Task force creates Facebook page for complaints on quarantine violations

Franco Luna - Philstar.com
Task force creates Facebook page for complaints on quarantine violations
Photo release shows members of the national police at an online meeting.
Release / JTF CV Shield

MANILA, Philippines — The quarantine enforcement arm of the coronavirus task force has created a Facebook channel to "facilitate" complaints from users as it moves to monitor social media for quarantine violations amid the coronavirus pandemic.

The task force, which has already used "observations from social media" to justify its push for stricter enforcement in the past, first announced its intent to monitor social media earlier in September, adding that any content gathered can be used as evidence "to warn, to fine and to summon the people concerned in coordination with the barangay officials concerned."

“We in the JTF COVID Shield believe that most of our netizens have already come across with total disregard of having quarantine violations in their accounts through the uploaded photos and videos of their Facebook friends. And we share disappointment and anger against those people because it is really unfair that most of our kababayan are strictly abiding by the rules while there are people who even dare to flaunt their defiance by posting them in the social media,” said Police Lt. Gen. Guillermo Eleazar, task force commander. 
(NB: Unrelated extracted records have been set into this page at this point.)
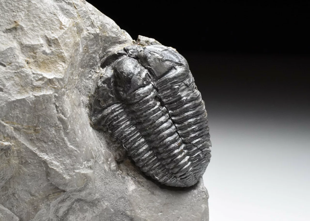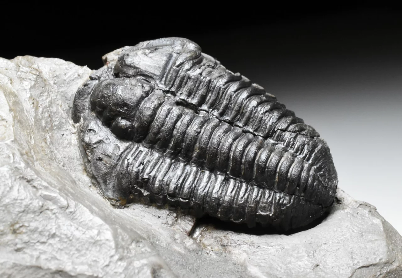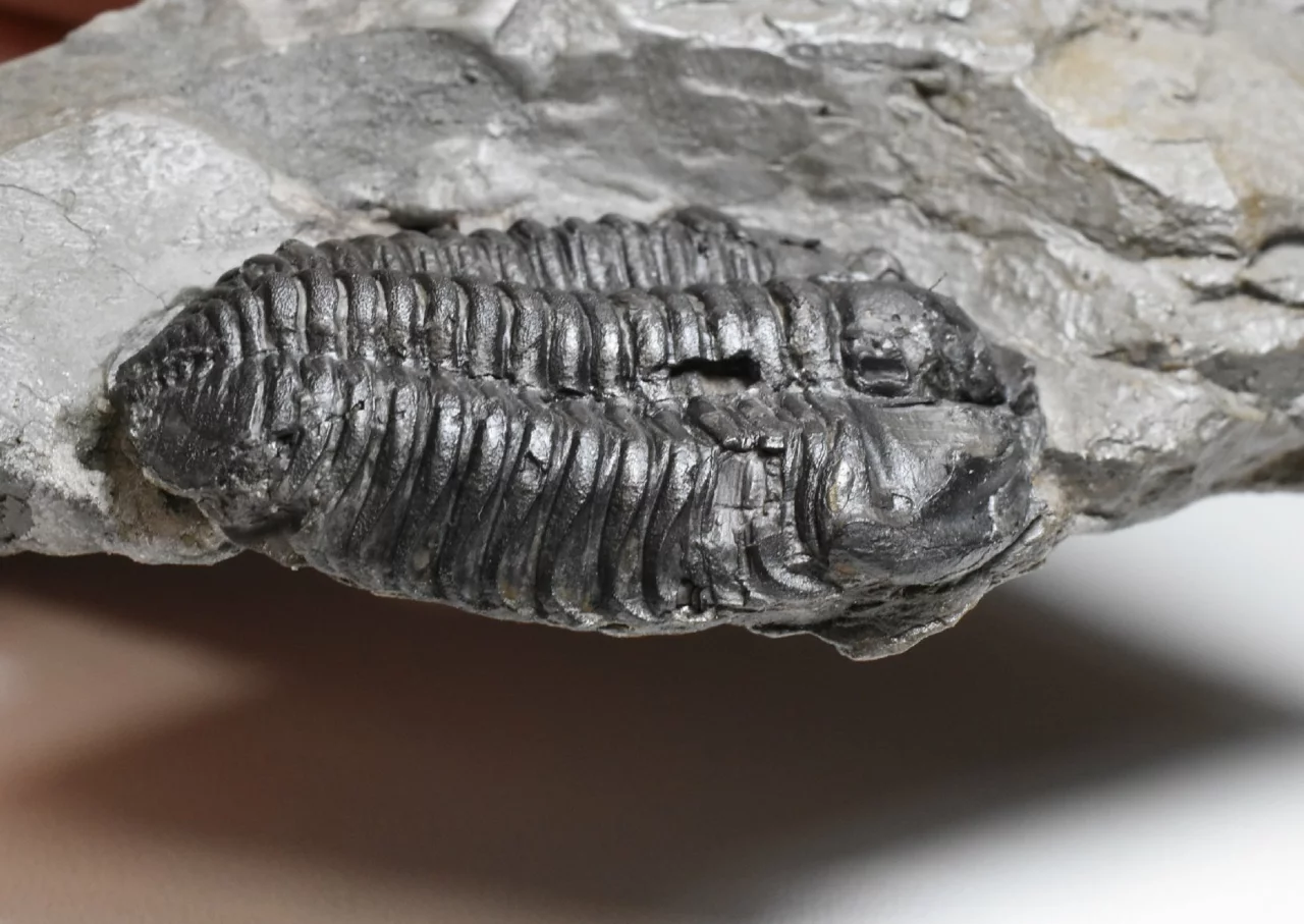 Vzácná zkamenělina trilobita rodu Flexicalymene declinata z králodvorského souvrství. Trilobit je rovné 4 cm velký, zachovalý ve světle šedé jílovité břidlici. Zachování je velmi trojrozměrné, trilobit má téměř kompletně zachovalý exoskelet (původní krunýř), který má přírodní tmavé zbarvení. Místy je viditelná jemná granulace na jeho povrchu. Hlavový štít má obě volné líce (ta levá je skrytá v hornině) a hrabavý lem. Trilobit je trošku poškozený, lepený a preparovaný z horniny, povrch vzorku je konzervovaný transparentním nátěrem, aby se zabránilo oxidaci pyritu uvnitř břidlice (bez nátěru vzorek začně oxidovat a rozpadá se). Kámen je starší sbírky, uvedená lokalita Berou-Králův Dvůr by mohla být ve skutečnou lokalitou dnes označovanou jako obec Levín. Celkové rozměry kamene 10 x 7,5 x 2,5 cm.
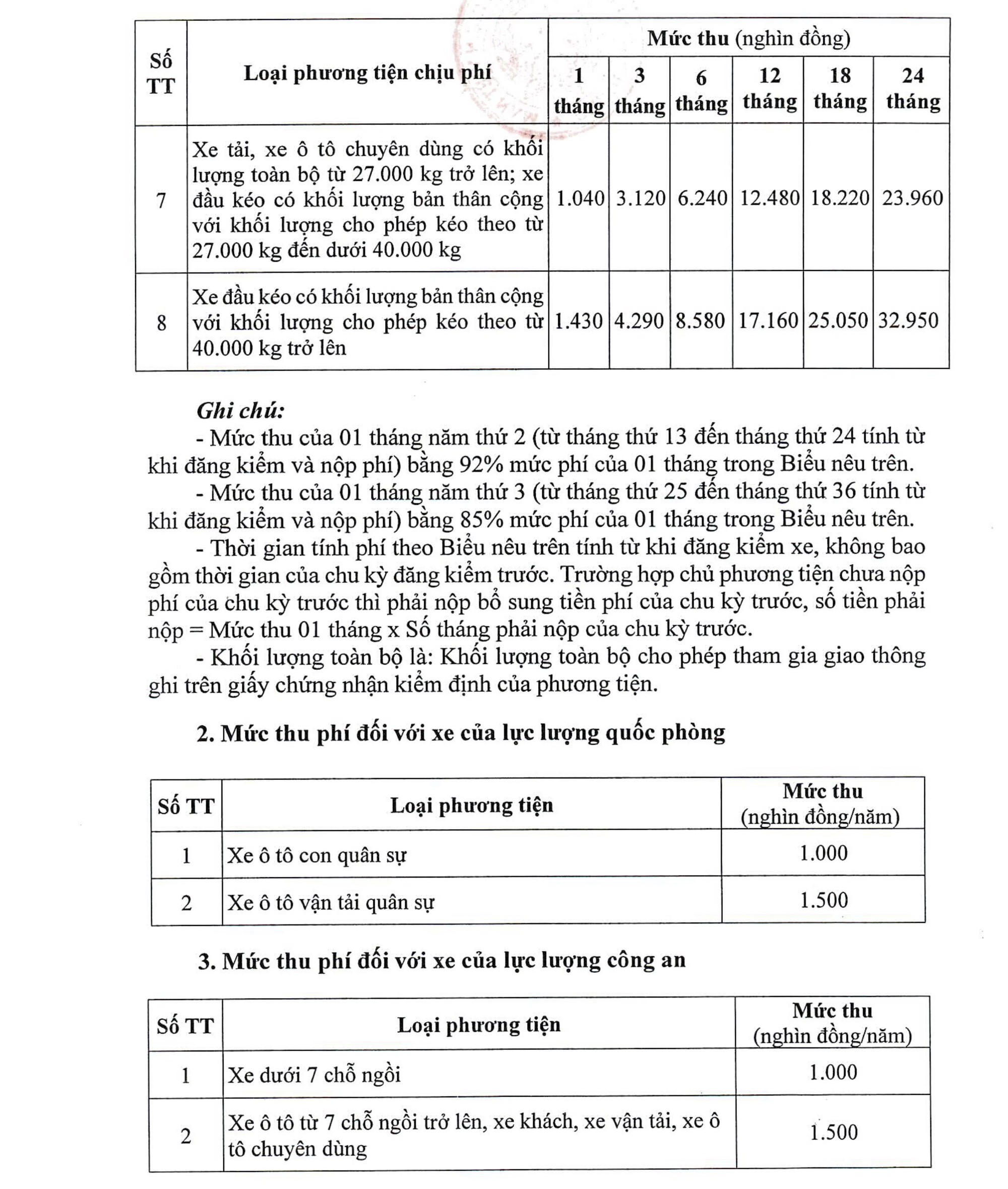 Trường hợp nộp phí theo chu kỳ kiểm định (18 tháng, 24 tháng và 36 tháng): Đơn vị đăng kiểm cấp Tem nộp phí sử dụng đường bộ tương ứng với chu kỳ kiểm định. Hết thời hạn nộp phí (chu kỳ kiểm định), chủ phương tiện phải đến đơn vị đăng kiểm để kiểm định và nộp phí cho chu kỳ kiểm định tiếp theo.
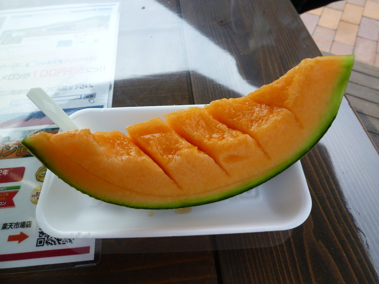 カットメロンは1カット250円で、クーポンをつかうと1個だけ100円になります。
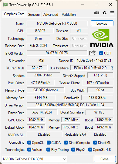 การ์ดจอมือสอง MSI RTX 3050 VENTUS 2X 6GB DDR6
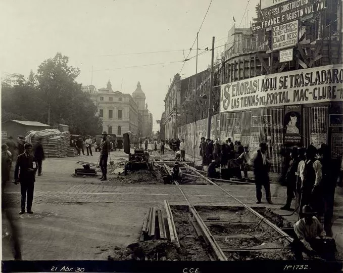 [Instalación de rieles en Santiago] : [fotografía] Chilectra.
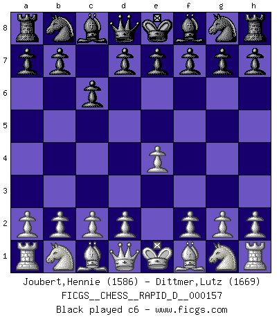 Last move : 1-0 2025 May 23 11:27:8 [Event "FICGS__CHESS__RAPID_D__000157"] [Site "FICGS"] [Date "2025.05.15"] [Round "1"] [White "Joubert,Hennie"] [Black "Dittmer,Lutz"] [Result "1-0"] [WhiteElo "1586"] [BlackElo "1669"] 1.e4 c6 2.d4 d6 3.c4 1-0 Follow this game move after move (download)Bobby Fischer is the greatest Chess player who has ever lived. (Ken Smith) Es gibt Leute, die glauben, alles wäre vernünftig, was man mit einem ernsthaften Gesicht tut. (Georg Christoph Lichtenberg) El Ajedrez es un regaderazo frío para la mente. (Sir John Simon) Toutes choses étant égales, c'est la conviction qui gagne. Alliée à une volonté de vaincre, elle sert de détonateur, suscite des idées, disperse les doutes et aide à penser clairement. (Robert Fischer) I find television to be very educating. Every time somebody turns on the set, I go in the other room and read a book. (Groucho Marx)
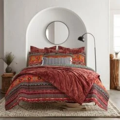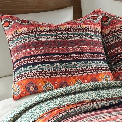 - COORDINATE YOUR ROOM DECOR: Create a wonderful bedroom space with our coordinated reversible matching bed set. The orange, green, red and black design brings a richly detailed rug-like feel into your home and will match a variety of different looks and bedroom decor. You can also freshen your room with other items from the Levtex Home collection.
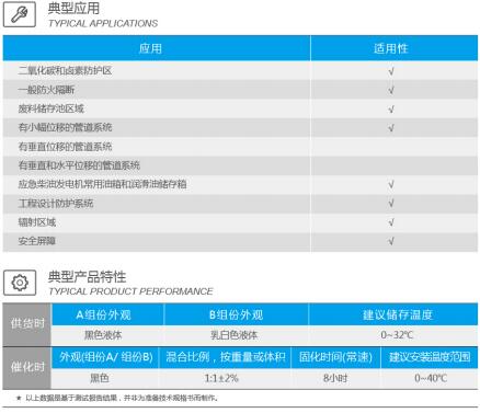 该产品已在国际、国内知名的独立实验室,根据广泛认可的国内、外耐火标准成功进行多次贯穿封堵测试。无论是否使用永久性模板皆可达到3小时耐火等级。满足目前中国国内所有核电堆型的耐火要求。
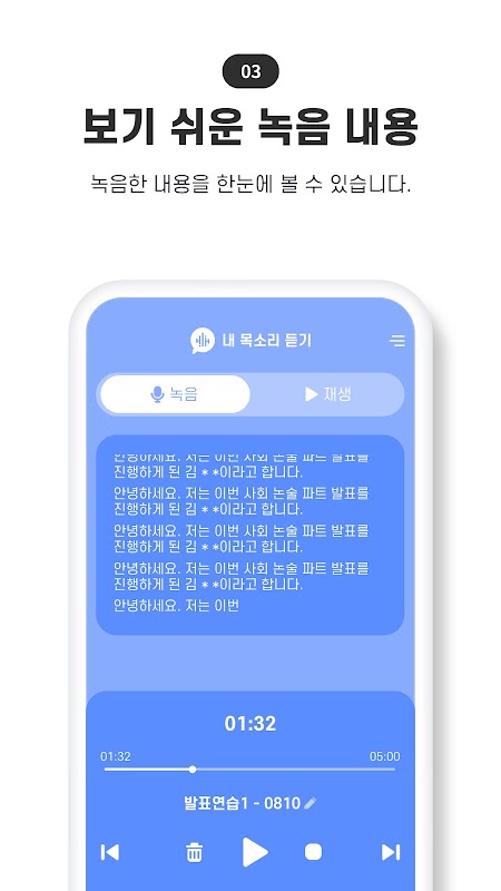 내목소리듣기 – 발표녹음, 음성녹음, 녹음기 1.03
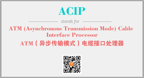 上述内容是“ATM (Asynchronous Transmission Mode) Cable Interface Processor”作为“ACIP”的缩写,解释为“ATM(异步传输模式)电缆接口处理器”时的信息,以及英文缩略词ACIP所代表的英文单词,其对应的中文拼音、详细解释以及在英文中的流行度和相关分类、应用领域及应用示例等。
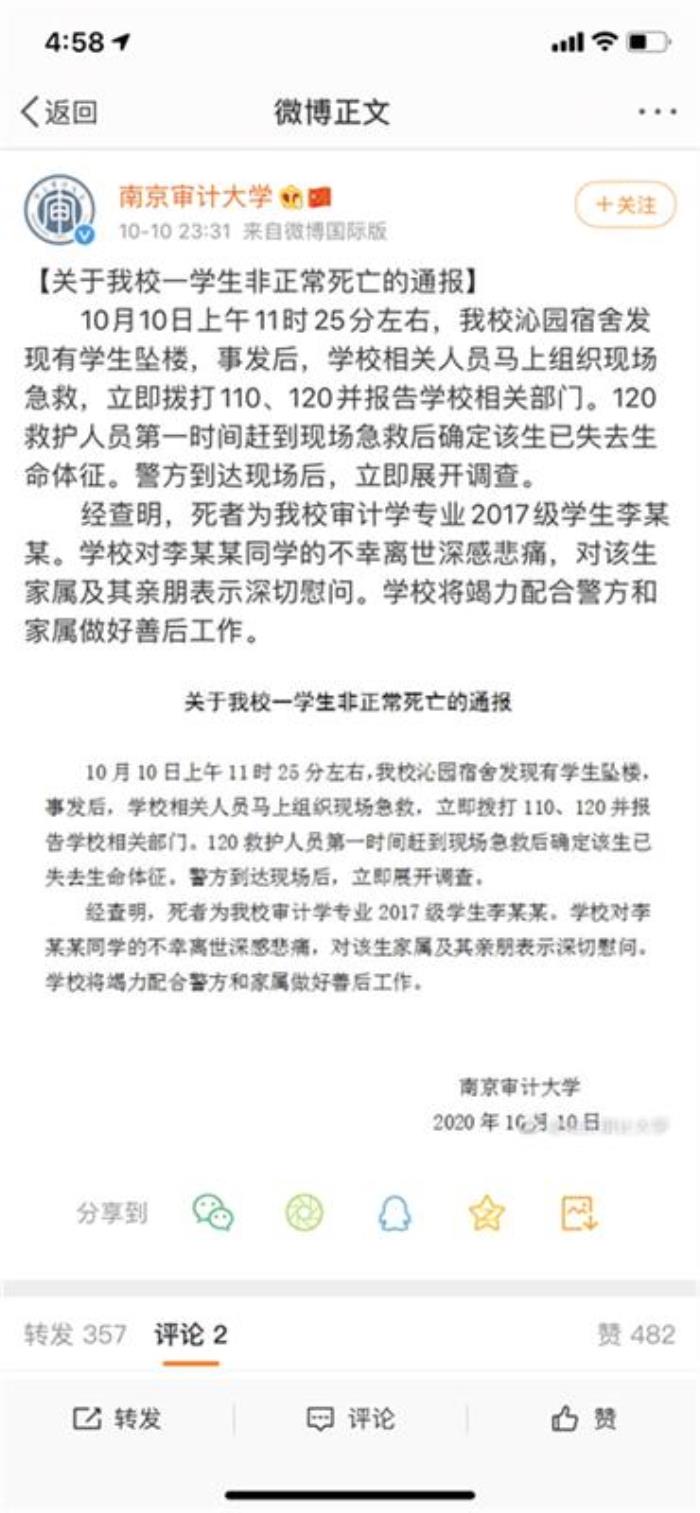 楚天都市报10月11日讯(见习记者曾凌轲 记者刘闪)10月10日晚11点半,南京审计大学官方微博发布通告称,10日上午11时25分左右,学校沁园宿舍发现有学生坠楼。事发后,学校已组织救助。经查明,死者为该校审计学专业2017级学生李某某。目前警方已展开调查。
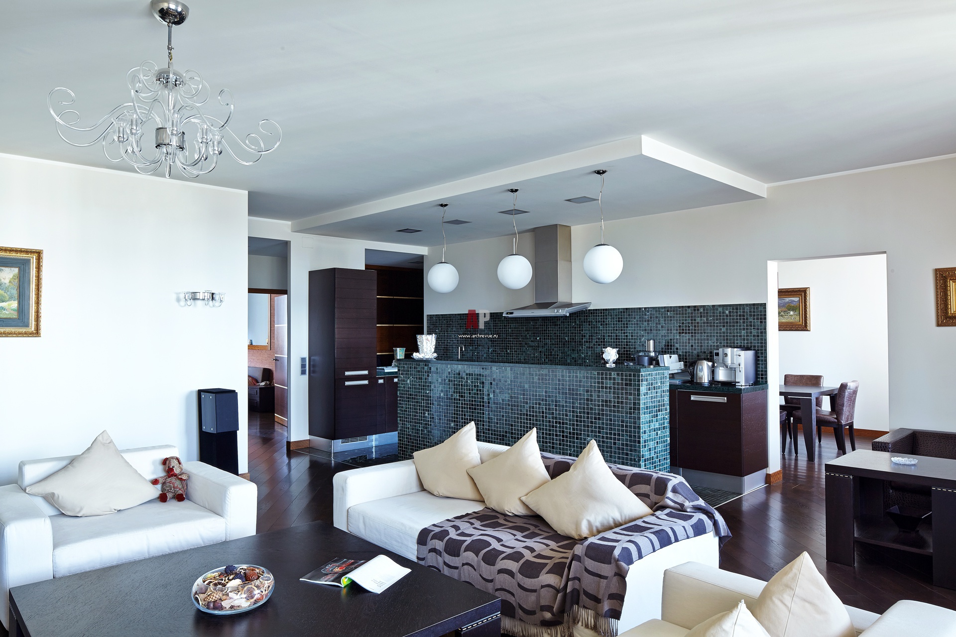 Современный интерьер студийной гостиной строится на контрасте белых стен и темных полов. Декоративный акцент – изумрудная мозаика, которой выделен прямоугольник кухни.
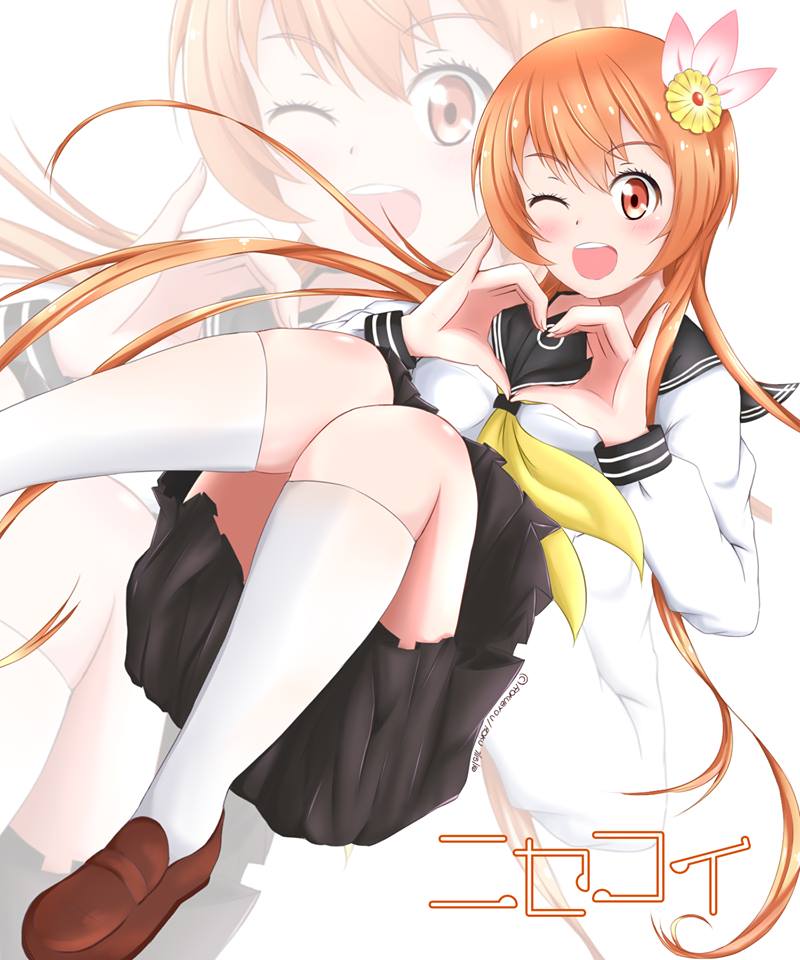 1girl ;d blush breasts brown_eyes brown_footwear brown_hair flower hair_flower hair_ornament heart heart_hands kneehighs long_hair looking_at_viewer medium_breasts nisekoi one_eye_closed open_mouth saturdaylife school_uniform serafuku shirt sidelocks skirt smile socks solo tachibana_marika teeth upper_teeth_only
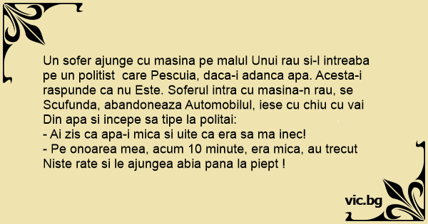 Un sofer ajunge cu masina pe malul Unui rau si-l intreaba pe un politist care Pescuia, daca-i adanca apa. Acesta-i raspunde ca nu Este. Soferul intra cu masina-n rau, se Scufunda, abandoneaza Automobilul, iese cu chiu cu vai Din apa si incepe sa tipe la politai:
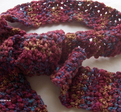 Hand crocheted beautiful, burgundy scarf accented with subtle colors of blue and golden yellow. This soft scarf is 3" wide and 35" long with 5" long fringe. It is 79% acrylic and 21% polyester. Order item S42. Price: $25.00. |

“Through the Facebook account of the Joint Task Force COVID Shield, they will be given a platform to immediately report to us any blatant violation of quarantine rules such as engaging in drinking sessions, large parties and celebration, and even illegal gambling in public places. All they need to do is to send us the photos and videos and we will take care of the rest,” he added.

According to Eleazar, the official Facebook account of the JTF COVID Shield can be used as an additional avenue for the public to report any violations they see on social media, aside from the existing Facebook accounts of local police stations and other police units.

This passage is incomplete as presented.